In Sâncel village of Alba County, tradition requires that the night before the Nativity of St. John the Baptist, households decorate their doors with a cross and a flower of Sânziene (Lady’s Bedstraw). On Sânziene day, villagers gather on the field flowers and make garlands for each family member and for each animal in the household. Crowns family members thrown then a man on the roof, then shouting and name of the crown which it belongs. Village elders tell that every crown should remain on the roof, to defend the evil of which it is intended, and if you fall, that family member will go badly all year. Villagers throw then on the roof the crown made for the animal stables from the household, tradition saying that they will be protected from evil.
There is also a popular superstition those specific holidays, that people should not bathe and if not the magical forces will embrace around them.

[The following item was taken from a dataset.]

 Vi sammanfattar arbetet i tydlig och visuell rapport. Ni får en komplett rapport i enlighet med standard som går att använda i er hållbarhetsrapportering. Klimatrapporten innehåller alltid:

On the other hand for the girls, there is a ritual of washing with dew. Have gathered at dawn dew on plants, inviolate places on a white cloth, and then squeezed into a new pot. Old ladies in charge of it, then they bring the dew in the village, not to mention the road and avoiding meeting someone. With this dew will wash the girls who want to marry quickly, but also married women who want to be loved by their husbands and have beautiful and healthy children.

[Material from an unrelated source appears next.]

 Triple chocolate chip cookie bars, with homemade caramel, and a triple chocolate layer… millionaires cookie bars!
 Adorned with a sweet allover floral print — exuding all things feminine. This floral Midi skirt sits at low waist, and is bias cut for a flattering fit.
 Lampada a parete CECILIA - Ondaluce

A superstition which still refers to love, says that lovers are together dip in the river or at sea will be lovers for life.
In Transylvania they say that, on Sânziene day, old treasures can be searched buried in the ground, because the night before, above the place where are hidden would light a fire.

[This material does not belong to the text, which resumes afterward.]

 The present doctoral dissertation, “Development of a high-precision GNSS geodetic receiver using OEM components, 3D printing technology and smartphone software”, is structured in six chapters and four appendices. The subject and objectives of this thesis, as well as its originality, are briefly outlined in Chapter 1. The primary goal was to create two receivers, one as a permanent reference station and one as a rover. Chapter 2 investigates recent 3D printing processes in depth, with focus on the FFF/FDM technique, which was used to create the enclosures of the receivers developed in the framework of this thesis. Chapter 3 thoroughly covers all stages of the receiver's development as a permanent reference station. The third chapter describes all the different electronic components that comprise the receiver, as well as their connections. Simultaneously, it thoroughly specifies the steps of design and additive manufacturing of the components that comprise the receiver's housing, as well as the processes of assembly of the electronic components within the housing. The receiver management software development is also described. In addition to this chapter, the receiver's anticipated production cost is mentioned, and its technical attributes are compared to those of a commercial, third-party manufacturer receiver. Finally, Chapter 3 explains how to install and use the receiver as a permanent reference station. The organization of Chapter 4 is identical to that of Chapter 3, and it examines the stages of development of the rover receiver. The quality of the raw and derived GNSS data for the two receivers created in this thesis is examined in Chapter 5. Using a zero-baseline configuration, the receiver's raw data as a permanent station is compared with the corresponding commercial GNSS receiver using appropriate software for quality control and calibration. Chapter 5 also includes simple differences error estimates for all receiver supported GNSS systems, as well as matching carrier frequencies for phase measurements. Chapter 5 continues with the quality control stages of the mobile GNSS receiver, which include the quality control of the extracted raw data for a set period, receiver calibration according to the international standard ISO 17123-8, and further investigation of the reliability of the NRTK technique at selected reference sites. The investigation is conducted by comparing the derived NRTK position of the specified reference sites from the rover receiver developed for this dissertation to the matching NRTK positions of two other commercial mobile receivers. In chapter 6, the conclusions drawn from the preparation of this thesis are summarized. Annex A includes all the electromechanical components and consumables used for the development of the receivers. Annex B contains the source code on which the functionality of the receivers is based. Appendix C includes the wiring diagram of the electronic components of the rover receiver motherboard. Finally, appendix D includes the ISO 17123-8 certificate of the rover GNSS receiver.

Sânziene Festival is considered to be the best time in the middle of summer, to gather medicine plants and the spell also. Thus, on the night of Sânziene, women go to pick flowers and herbs that will be used against diseases and other evils.
The initial significance of the custom compares the maidens to ripening wheat. Thus, a transfer of fertility between the two kingdoms, animal and vegetal, is achieved. Sickles that will pull down the plants symbolize the mowing of human lives, as well as the eternal duel between winter and summer, between the good and the evil forces. Sânzienele are bad pixies of the night in Romanian folk tradition. People think these pixies could influence future marriages. Every 24 June, in the Sânziene’s night, unmarried girls cut petals of a thistle flower. Then they keep that flower in a glass of water. They say that the faster petals grow back at the thistle she looks after, the bigger her chances are to marry the man she loves.Legends say that “Sânzienele”, some very beautiful girls who live in the woods or fields, are caught in dance and given magical powers plants. These fairies are good, if they are properly celebrated, bring fruitful harvests, help the girls to find the “chosen” one, give healthy babies to the married women, and heal the sick animals. But if people do not celebrate them properly, they become angry and evil fairies also known as Fairies or Pentecost.
Fairies are described as virgins with magical powers of seduction. It is believed they live in the air, in forests or in caves, on the banks of water or crossroads and occur mainly at night by moonlight, spinning in dance, in retreats, dancing naked, with disheveled hair and bells feet, in some ways. The place is still danced like fire and grass is burned and no longer grows anymore. It is believed that on Sânziene Night, Fairies gather and dance in the forest and who will see them will become mute and crazy.
Practices related to crowning, boys lighting torches, cakes called “torch of Sânziene” entitle the ethnologists and folklorists to consider this festival as one dedicated to the cult of the Sun.